Ömer’in davranışı bize hiç ipucu vermiyor. Yine de birbiriyle ilişkili spekülatif iki yorum yapabiliriz: Ömer kendisine  kullanma izni verilmeyen kaşağıyı parçalayıp uluorta sergileyerek baba otoritesinden intikam almak istiyor; elbette buna inanmayacağız, birinci yorumu eliyoruz. İkincisi, Ömer babasının böyle bir suça nasıl ceza vereceğini bilmiyor. Nitekim Ömer, babası parçalanmış kaşağıyı yalakta görüp sert biçimde Dadaruh’a “Gel buraya!”  diye seslenince “Nefesim kesilecekti. Bilmem neden, çok korkmuştum.” diyor. Hikâyenin bütünlüğünde gedik açmamak için buradan devam edeyim.

Babanın soruşturması sadece baba otoritesinin değil genel olarak otoritenin nasıl oluştuğuna ilişkin ilginç bir örnek.

Babanın bunu kim yaptı sorusu büyükten küçüğe bir hiyerarşiyi takip ediyor. Önce Dadaruh’a soruyor, sonra Ömer’e ve en sonunda Hasan’a.  Soruşturmadan iki tane bilmiyorum cevabına karşı bir tane biliyorum cevabı çıkıyor. Dadaruh ve Hasan bilmiyor, Ömer biliyor. Hikâyenin bu kısmını olduğu gibi yeniden okuyalım:

“Dadaruh şaşırdı. Kırılmış kaşağı meydana çıkınca babam, bunu kimin yaptığını sordu. Dadaruh:

“ ‘Bilmiyorum’, dedi.

“Babamın gözleri bana döndü, daha bir şey sormadan:

“ ‘Hasan’, dedim.

“ ‘Hasan mı?’

“ ‘Evet, dün Dadaruh uyurken odaya girdi. Sandıktan aldı, sonra yalağın taşında ezdi.’
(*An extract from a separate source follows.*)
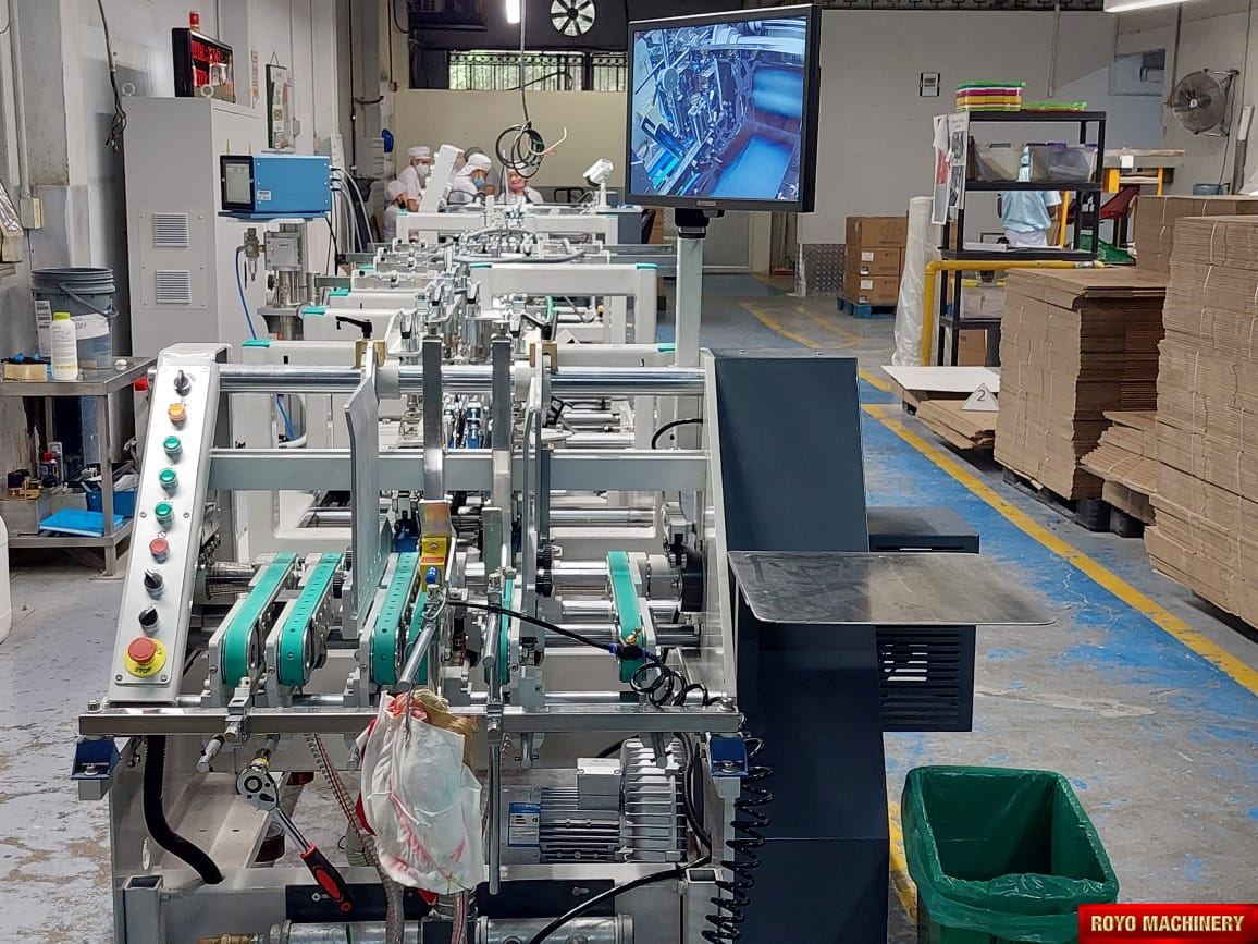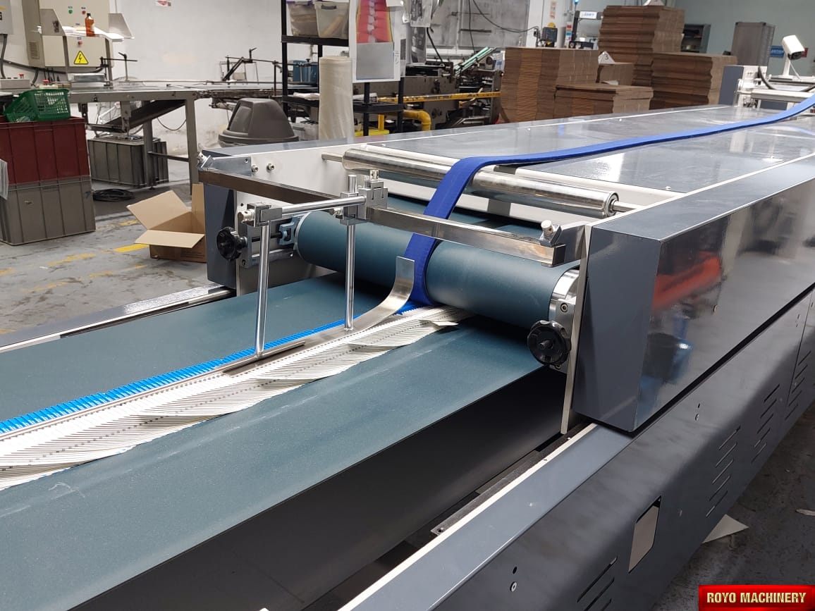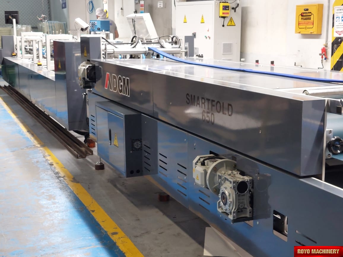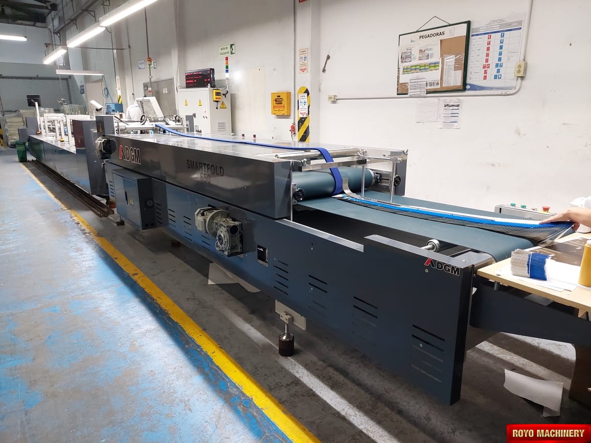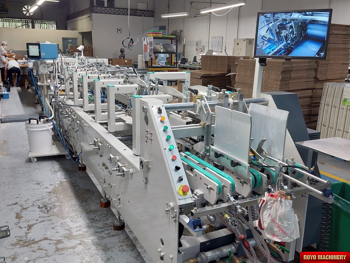 Two upper and two lower carriers, Upper and lower drive for length adjustment on the trombone, Two adjustable front feed knives , Third crease line pre-folder up to 135 degrees, Straight Line, Speed: 0-400m/min, Side register section allows perfect blank alignment, Side gluing: 135 degrees pre-folding for No.1 line, One lower (left side) gluing tank, Lock bottom: 90 degress pre-folding for No.3 line, Left hand glue flap pre-folder up to 180 degrees, Fully adjustable lateral feed gates, Folding hooks & helixes to fold front flaps, First and Third crease openers, Electronic glue system (4 Chanels - 4 Guns), Edge-grinder, Disc applied double upper gluing system, Delivery pneumatically adjusted, Crash lock bottom, Corrugated flute type: N F E, Configuration: Feeder-Pre Folding-Lock Bottom-Folding-Pressing, Carton thickness: 180-800 gsm, Automatic belt tension on trombone, Adjustable electronic pile vibrator, Accessories for B-type lock bottom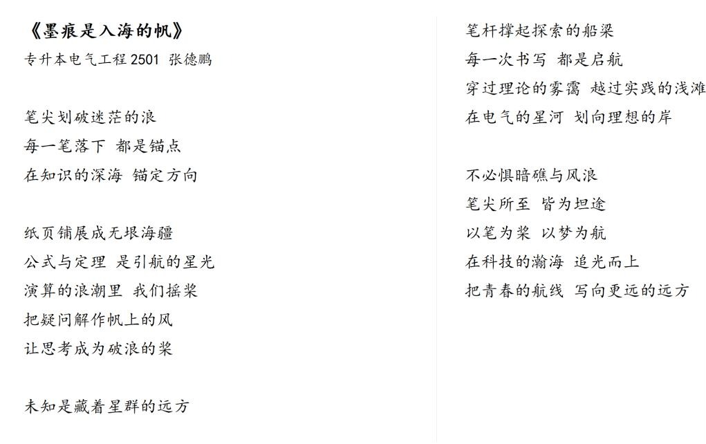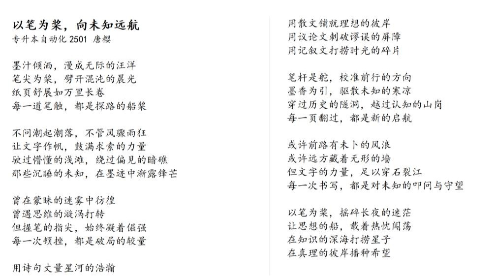 为深入落实“坚定文化自信,加强社会主义先进文化教育”的要求,积极响应学校“创新创业、沟通表达”等人才观培养理念,yl7703永利集团养成教育自治委员会于2025年11月24日至28日举办“以笔为桨・向未知远航”第四期校园诗歌创作活动。

“ ‘Neden Dadaruh’a haber vermedin?’

“ ‘Uyuyordu.’

“ ‘Çağır şunu bakayım.’

“Çitin kapısından geçtim. Gölgeli yoldan eve doğru koştum. Hasan’ı çağırdım. Zavallının bir şeyden haberi yoktu. Koşarak arkamdan geldi. Babam çok sertti. Bir bakışından ödümüz kopardı. Hasan’a dedi ki:

“ ’Eğer yalan söylersen seni döverim!’

“ ’Söylemem.’

 “ ’Peki bu kaşağıyı neden kırdın?’

“Hasan, Dadaruh’un elinde duran alete şaşkın şaşkın baktı. Sonra sarı saçlı başını sarsarak:

“ ‘Ben kırmadım’, dedi.

“ ‘Yalan söyleme diyorum.’

“ ‘Ben kırmadım.’

Babam tekrar:

“ ‘Doğru söyle, darılmayacağım. Yalan çok kötüdür’, dedi. Hasan, inkârında inat etti. Babam sinirlendi. Üzerine yürüdü. ‘Utanmaz yalancı’ diye yüzüne bir tokat patlattı.”

 

Ömer’in hiç düşünmeden kardeşine iftira atmasını korkudan kaynaklanan bir doğaçlama sayabiliriz. Ayrıca kardeşinin o sırada orada olmayışı iftirayı dolayımlaştıran bir kolaylık sağlıyor. Hasan’ın mekân dışında olmasının onu üçüncü kişi yapması gibi. İnsanların yüz yüze gelmedikleri üçüncü kişiler hakkında daha rahat hatta pervasız konuştukları bir sır değil.  Ama Ömer’in kardeşine iftira atarken ayrıntı  vermesini (“Evet, dün Dadaruh uyurken odaya girdi. Sandıktan aldı, sonra yalağın taşında ezdi.”)  itiraf gibi de görebiliriz. Yani tam burada Ömer’in babadan korkusu iftirayla itirafı eşitliyor. Ömer kendisini üstü örtülü biçimde Hasan’a ikame ediyor: Doğruyu söylerken iftira atıyor. Eylem gerçek, özne sahte. Babayı soruşturmasında gerçekten uzak tutan da bu özne kurgusu zaten. Babanın hiyerarşi içinde ağabey kardeş diye kurduğu iki ayrı öznellikte inandırıcı olan büyük olandır. Babanın soruşturmada yanlış kararına yol açan bu tutarsızlığını Ömer’le diyalogunda görmek çok kolay. Baba Ömer’e madem kardeşinin kaşağıyı aldığını gördün neden Dadaruh’a haber vermedin diye soruyor. Ömer’in ‘Uyuyordu’ cevabıyla da hemen ikna oluyor. Halbuki doğru soru bir ağabey olarak neden kardeşine müdahale etmedin olmalıydı. Bunu söylerken acaba bugünün kafasıyla mı düşünüyorum diye temkinliyim. Çünkü eskiye gidildikçe otorite gerçeğin inceliklerini atlayan rafine bir kabalıkla karşımıza çıkar. Suçlu ise mümkün olduğunca suç ortaklarından arındırılır ve  rafine bir günah keçisi haline getirilir. Soruşturmanın kuralını gerçekleştirmek gerçeğe ulaşmaktan daha önemlidir. Bilmiyorum diyen Hasan biliyorum diyen Ömer’in kurbanı olur. Aslında her iki çocuk da babanın kurbanıdır. Ömer yalana zorlandığı için, Hasan sözüne inanılmadığı için.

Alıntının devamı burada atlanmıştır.